Mechanisms of Action of Liraglutide in Patients With Type 2 Diabetes Treated With High-Dose Insulin.

Abstract

The mechanisms of action of incretin mimetics in patients with long-standing type 2 diabetes (T2D) and high insulin requirements have not been studied. To evaluate changes in β-cell function, glucagon secretion, and fat distribution after addition of liraglutide to high-dose insulin. A single-center, randomized, double-blind, placebo-controlled trial. University of Texas Southwestern and Parkland Memorial Hospital clinics. Seventy-one patients with long-standing (median, 17 years) T2D requiring high-dose insulin treatment (>1.5 U/kg/d; average, 2.2 ± 0.9 U/kg/d). Patients were randomized to liraglutide 1.8 mg/d or matching placebo for 6 months. We measured changes in insulin and glucagon secretion using a 4-hour mixed-meal challenge test.
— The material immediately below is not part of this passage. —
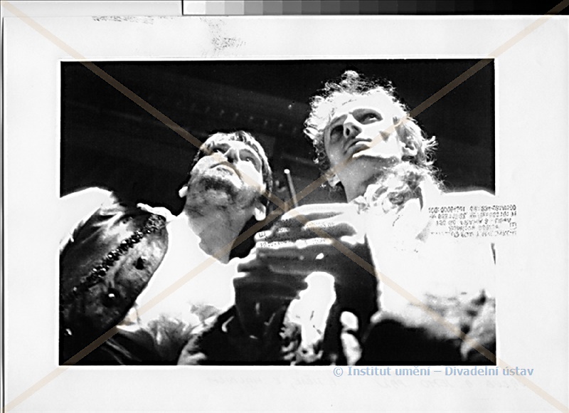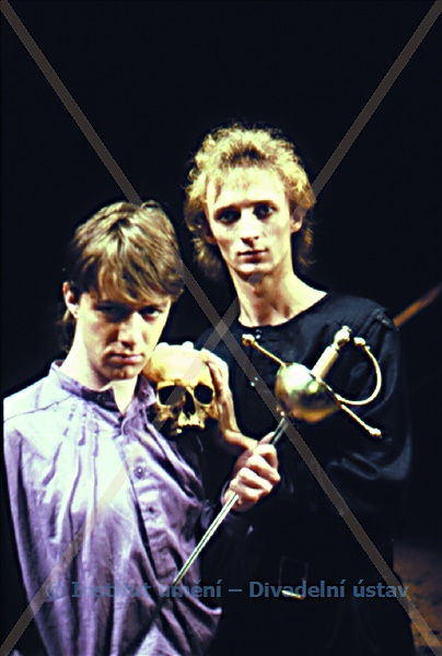 Král:Aleš Procházka (alternation); Viktor Vrabec (alternation); Královna:Kateřina Macháčková (alternation); Marie Málková (alternation); Hamlet:Kamil Halbich; Corambis:Miloš Kopečný (alternation); Viktor Vrabec (alternation); Leartes:Jiří Langmajer (j.h.); Ofélie:Simona Vrbická; Horacio:Ivan Jiřík; Duch:Jan Skopeček (j.h.); Rosencrast:Miroslav Táborský (j.h.); Gilderstone:Stanislav Lehký; Fortenbras:Otto Rošetzký (j.h.); Marcellus:Čestmír Gebouský; 1.strážný:Miroslav Táborský (j.h.); 2.strážný:Stanislav Lehký; Voltemar:Jiří Havel; Mantano:Miroslav Nohýnek; 1.herec:Jan Skopeček (j.h.); 2.herec:Čestmír Gebouský; 3.herec:Otto Rošetzký (j.h.); 4.herec:Jiří Havel; Šašek:Jan Skopeček (j.h.); 2.šašek:Stanislav Lehký; Kněz:Miroslav Táborský (j.h.); Chlubivý šlechtic:Miroslav Nohýnek

Magnetic resonance-based techniques were used to estimate sc and visceral fat in the abdomen and ectopic fat in the liver and pancreas. Glycosylated hemoglobin improved significantly with liraglutide treatment, with an end-of-trial estimated treatment difference between groups of −0.9% (95% confidence interval, −1.5, −0.4%) (P = .002). Insulin secretion improved in the liraglutide group vs placebo, as measured by the area under the curve of C-peptide (P = .002) and the area under the curves ratio of C-peptide to glucose (P = .003). Insulin sensitivity (Matsuda index) and glucagon secretion did not change significantly between groups. Liver fat and sc fat decreased in the liraglutide group vs placebo (P = .0006 and P = .01, respectively), whereas neither visceral nor pancreatic fat changed significantly. Treatment with liraglutide significantly improved insulin secretion, even in patients with long-standing T2D requiring high-dose insulin treatment. Liraglutide also decreased liver and sc fat, but it did not alter glucagon secretion.